— HOW TO COMPLETE THIS TASK —
From the listing that follows, reproduce only the lines from the one holding "Disse krus er" through the one holding "The pizza di", both included, with no pictures.

— WORKING DATA —
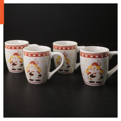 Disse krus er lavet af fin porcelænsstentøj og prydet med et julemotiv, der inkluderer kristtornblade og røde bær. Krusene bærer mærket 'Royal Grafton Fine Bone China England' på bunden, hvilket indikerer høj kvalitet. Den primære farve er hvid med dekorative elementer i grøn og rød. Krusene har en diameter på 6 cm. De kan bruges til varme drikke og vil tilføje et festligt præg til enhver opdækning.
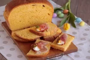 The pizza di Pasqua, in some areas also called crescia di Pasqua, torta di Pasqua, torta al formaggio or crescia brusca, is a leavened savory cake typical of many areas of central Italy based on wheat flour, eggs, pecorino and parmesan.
--
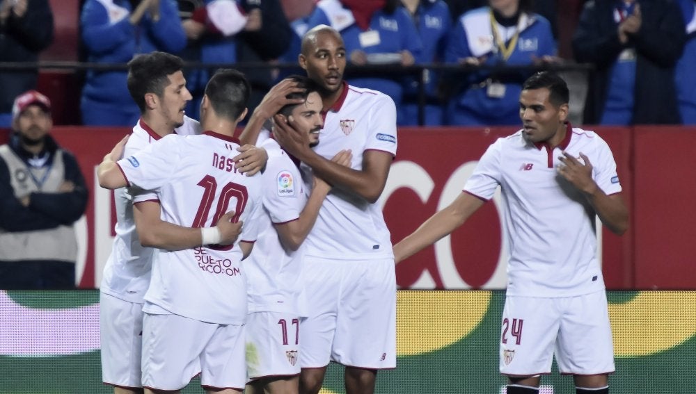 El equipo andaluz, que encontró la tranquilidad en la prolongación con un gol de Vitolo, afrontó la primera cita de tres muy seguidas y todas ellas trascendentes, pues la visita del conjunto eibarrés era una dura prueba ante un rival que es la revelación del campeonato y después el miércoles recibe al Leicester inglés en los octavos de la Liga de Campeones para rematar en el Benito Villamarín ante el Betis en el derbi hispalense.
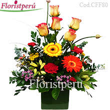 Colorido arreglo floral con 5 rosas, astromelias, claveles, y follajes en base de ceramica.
* * *
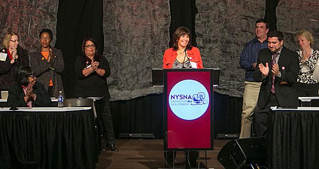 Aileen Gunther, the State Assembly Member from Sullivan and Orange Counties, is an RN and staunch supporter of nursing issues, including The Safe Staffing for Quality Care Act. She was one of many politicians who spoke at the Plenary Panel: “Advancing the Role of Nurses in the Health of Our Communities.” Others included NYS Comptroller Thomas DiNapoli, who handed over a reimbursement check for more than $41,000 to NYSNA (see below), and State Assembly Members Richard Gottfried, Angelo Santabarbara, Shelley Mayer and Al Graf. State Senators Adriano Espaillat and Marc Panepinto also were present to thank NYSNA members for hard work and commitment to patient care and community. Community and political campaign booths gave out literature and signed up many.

— TASK RESPONSE —
 Disse krus er lavet af fin porcelænsstentøj og prydet med et julemotiv, der inkluderer kristtornblade og røde bær. Krusene bærer mærket 'Royal Grafton Fine Bone China England' på bunden, hvilket indikerer høj kvalitet. Den primære farve er hvid med dekorative elementer i grøn og rød. Krusene har en diameter på 6 cm. De kan bruges til varme drikke og vil tilføje et festligt præg til enhver opdækning.
 The pizza di Pasqua, in some areas also called crescia di Pasqua, torta di Pasqua, torta al formaggio or crescia brusca, is a leavened savory cake typical of many areas of central Italy based on wheat flour, eggs, pecorino and parmesan.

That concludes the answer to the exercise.